In other news, Curiosity is now deep within Yellowknife Bay, a shallow depression on the surface of Mars where NASA will hopefully find an interesting rock that will become the first victim of Curiosity’s percussive hammer. Yellowknife Bay is pictured above, along with the step (about 2ft high) that Curiosity had to cross to descend into the bay. Curiosity will spend the next few days in Yellowknife Bay, while the NASA/JPL engineers enjoy a long-overdue break, and then begin the long trek to Mount Sharp, which will probably take up most of 2013.

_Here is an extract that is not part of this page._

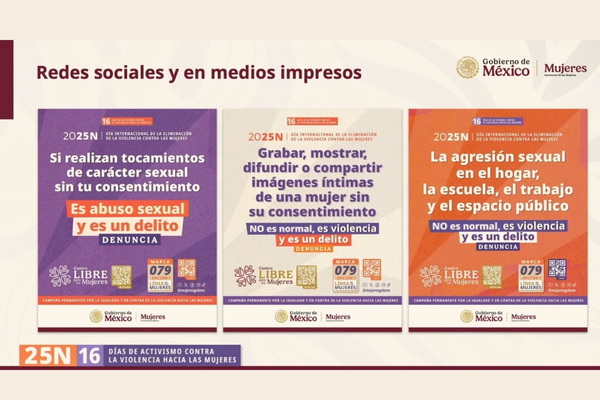 El gobierno federal anunció un amplio calendario de acciones territoriales para los 16 días de activismo, con actividades en municipios, colonias, centros libres y escuelas. Estas incluyen entregas masivas de la Cartilla de Derechos de las Mujeres, convenios con plataformas digitales para movilidad segura, cine-debates, caminatas para detectar riesgos urbanos, murales comunitarios, capacitaciones y encuentros nacionales. Con la firma del compromiso, las y los gobernadores consolidan una agenda conjunta para garantizar espacios seguros, justicia efectiva y una vida libre de violencia para todas las mujeres del país.

Finally, a beautiful bonus image — think of it as a Christmas gift from ExtremeTech. What you see above is Saturn, all of its rings, and its moons Enceladus and Tethys (bottom left). This unique image, which is a mosaic of hundreds of images, was captured by the NASA/ESA/ASI Cassini orbiter as it passed through Saturn’s shadow, roughly 500,000 miles (800,000km) from the planet. With Saturn between the Sun and Cassini, and the dramatic viewing angle, this is probably the best view of Saturn’s rings that you will ever see.
Cassini has only taken an image from the shadow of Saturn once before, in 2006 — and that time, Earth was visible (10 o’clock, at the edge of the rings).